> **EXERCISE AIM**: The response must consist of the lines below from the one with "The dHealthIQ app" through the one with "Margens: Este molde", exactly as they appear and with both ends kept.

> **SOURCE MATERIAL**:
· · · ·

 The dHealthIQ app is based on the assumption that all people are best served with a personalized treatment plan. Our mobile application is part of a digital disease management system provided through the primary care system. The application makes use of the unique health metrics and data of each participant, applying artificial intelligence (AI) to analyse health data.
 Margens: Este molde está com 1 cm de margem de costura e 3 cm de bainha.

· · · ·

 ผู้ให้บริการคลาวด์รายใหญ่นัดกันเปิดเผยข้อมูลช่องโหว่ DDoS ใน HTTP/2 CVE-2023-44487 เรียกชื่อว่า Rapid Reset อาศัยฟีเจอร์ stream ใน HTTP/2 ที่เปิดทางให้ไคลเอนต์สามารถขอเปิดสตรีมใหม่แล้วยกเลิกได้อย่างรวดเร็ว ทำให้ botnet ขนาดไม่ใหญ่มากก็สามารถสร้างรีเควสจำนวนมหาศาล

· · · ·

> **ANSWER FOR THE TASK**:
 The dHealthIQ app is based on the assumption that all people are best served with a personalized treatment plan. Our mobile application is part of a digital disease management system provided through the primary care system. The application makes use of the unique health metrics and data of each participant, applying artificial intelligence (AI) to analyse health data.
 Margens: Este molde está com 1 cm de margem de costura e 3 cm de bainha.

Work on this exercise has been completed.